Virology Department, INSERM U941-Paris 7 Diderot University, Saint-Louis Hospital-APHP, Paris, France.
Intervirology. 2012;55(4):287-95. doi: 10.1159/000336658. Epub 2012 Mar 23.
The genetic barrier for the evolution of integrase inhibitors (INIs) including raltegravir (RAL), elvitegravir (EVG), and dolutegravir (DTG) resistance was compared between HIV-1 subtypes CRF01_AE and B.
Analysis of 66 substitutions associated with INI resistance at 41 amino acid positions in 144 nucleotide sequences (109 HIV-1 subtype CRF01_AE and 35 HIV-1 subtype B) of integrase-coding region of polymerase gene derived from INI-naive patients.
28/41 studied amino acid positions were conserved, leading to a similar genetic barrier between the two subtypes. At six codon positions with different genetic barriers, six mutations (V72I, L101I, A124T, T125K, and G140C/S) displayed a higher genetic barrier and one mutation (V201I) showed a lower genetic barrier in subtype CRF01_AE than subtype B.

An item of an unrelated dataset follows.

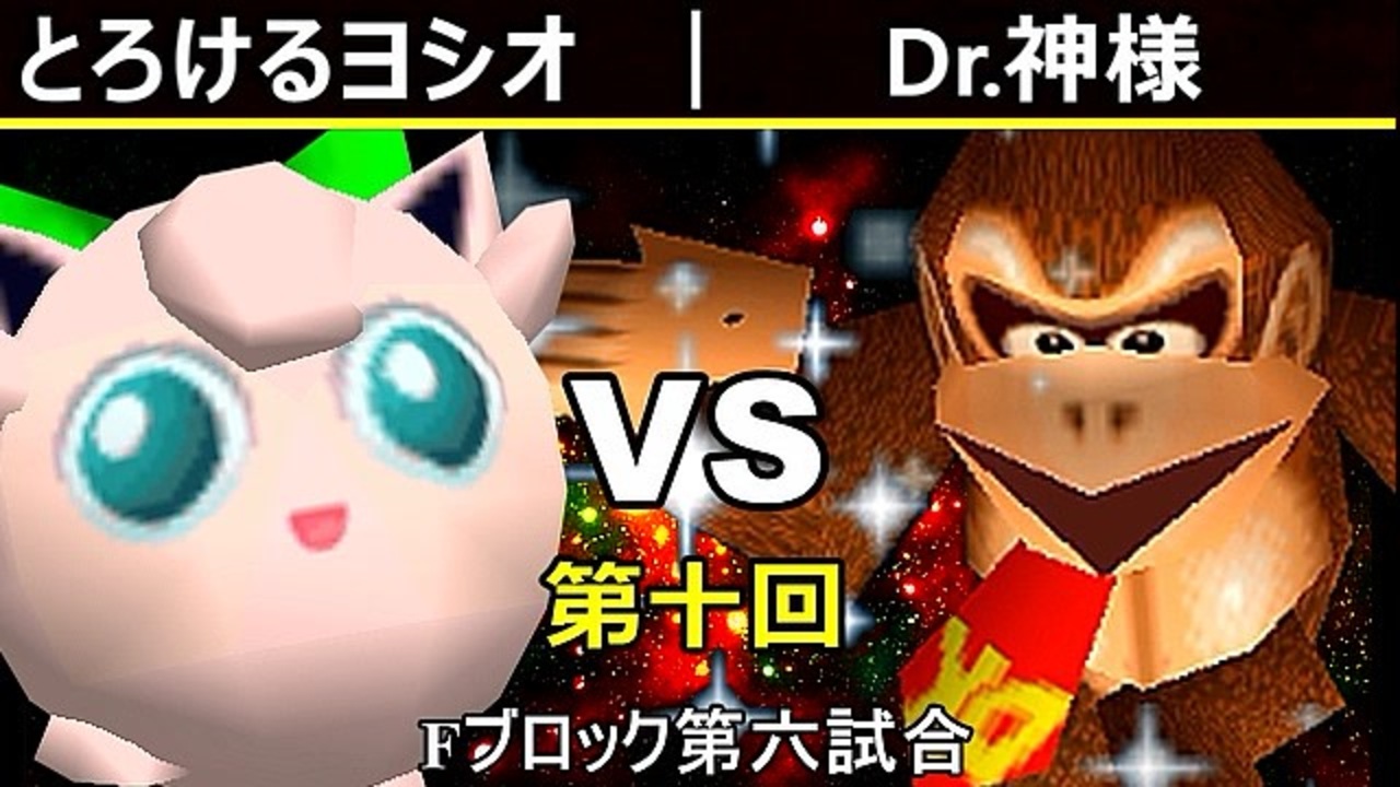 ポーズ似てない?<br>※どちらが勝つかアンケ結果(Twitter調べ) <br>とろけるヨシオ(PU) 61% VS Dr.神様(DK) 39%<br><br><span style="color: #ff0000; font-size: 13px;"><u>※プロスマブラーになりました→</u></span><span style="color: #000000; font-size: 13px;"> <a href="https://twitter.com/niconicopppppp/status/1152345555982360577" target="_blank" rel="noopener nofollow">https://twitter.com/niconicopppppp/status/1152345555982360577</a></span><br><span style="color: #0000ff;"><u>※64スマブラCPUトナメ実況のwikiができた模様</u></span><span style="color: #0000ff;">→</span> <a href="https://wiki3.jp/cpu_64" target="_blank" rel="noopener nofollow">https://wiki3.jp/cpu_64</a><br><br><span style="color: #ff0000; font-size: 24px;"><strong>次→</strong></span>【<a href="https://www.nicovideo.jp/watch/sm35446593" class="watch">sm35446593</a>】※毎日投稿<br><br>前【<a href="https://www.nicovideo.jp/watch/sm35438877" class="watch">sm35438877</a>】 <span style="color: #000000; font-size: 13px;">Gブロック第一試合【</span><a href="https://www.nicovideo.jp/watch/sm35330232" class="watch">sm35330232</a><span style="color: #000000; font-size: 13px;">】</span> Aブロック第一試合【<a href="https://www.nicovideo.jp/watch/sm35254266" class="watch">sm35254266</a>】 <br><span style="color: #000000; font-size: 14px;">第十回選手紹介動画【</span><span style="color: #006699; font-size: 14px;"><a href="https://www.nicovideo.jp/watch/sm35240933" class="watch">sm35240933</a></span><span style="color: #000000; font-size: 14px;">】</span><br>第十回マイリスト【<a href="https://www.nicovideo.jp/mylist/65788927" target="_blank" rel="noopener">mylist/65788927</a>】<br>64スマブラCPUトナメ実況part1まとめ【<a href="https://www.nicovideo.jp/mylist/60846861" target="_blank" rel="noopener">mylist/60846861</a>】<br>その他シリーズ【<a href="https://www.nicovideo.jp/mylist/12965027" target="_blank" rel="noopener">mylist/12965027</a>】<br><br><span style="color: #00bfff;"><strong>Twitter</strong></span>【<a href="https://twitter.com/niconicopppppp" target="_blank" rel="noopener nofollow">https://twitter.com/niconicopppppp</a> 】<br><span style="color: #ff4500;"><strong>チャンネル</strong></span>【<a href="https://ch.nicovideo.jp/p-desu" target="_blank" rel="noopener">ch.nicovideo.jp/p-desu</a>】

Most studied amino acid positions including all corresponding to RAL and EVG primary mutations show a high level of conservation, indicating the same genetic barrier between subtypes CRF01_AE and B. Nevertheless, different genetic barriers were observed in two mutations described to be associated with DTG resistance (L101I, A124T) and other five RAL and EVG secondary mutations (V72I, T125K, G140C/S, V201I), which could have an impact on the development of resistance to RAL, EVG, and DTG.
比较 HIV-1 型 CRF01_AE 和 B 亚型中整合酶抑制剂(INIs)包括拉替拉韦(RAL)、艾维雷格(EVG)和多替拉韦(DTG)耐药相关的遗传屏障。
分析了来自未接受 INI 治疗的患者的聚合酶基因整合酶编码区的 144 个核苷酸序列(109 个 HIV-1 型 CRF01_AE 和 35 个 HIV-1 型 B)中与 INI 耐药相关的 66 个取代的 41 个氨基酸位置。
在 41 个研究的氨基酸位置中,有 28 个位置是保守的,这导致了这两种亚型之间存在相似的遗传屏障。在六个遗传屏障不同的密码子位置,六种突变(V72I、L101I、A124T、T125K 和 G140C/S)在 CRF01_AE 亚型中的遗传屏障比 B 亚型高,而一种突变(V201I)则较低。
包括所有对应于 RAL 和 EVG 主要突变的大多数研究氨基酸位置均显示出高度的保守性,表明 CRF01_AE 和 B 亚型之间存在相同的遗传屏障。然而,在与 DTG 耐药相关的两种突变(L101I、A124T)和其他五种 RAL 和 EVG 次要突变(V72I、T125K、G140C/S、V201I)中观察到不同的遗传屏障,这可能会对 RAL、EVG 和 DTG 的耐药性产生影响。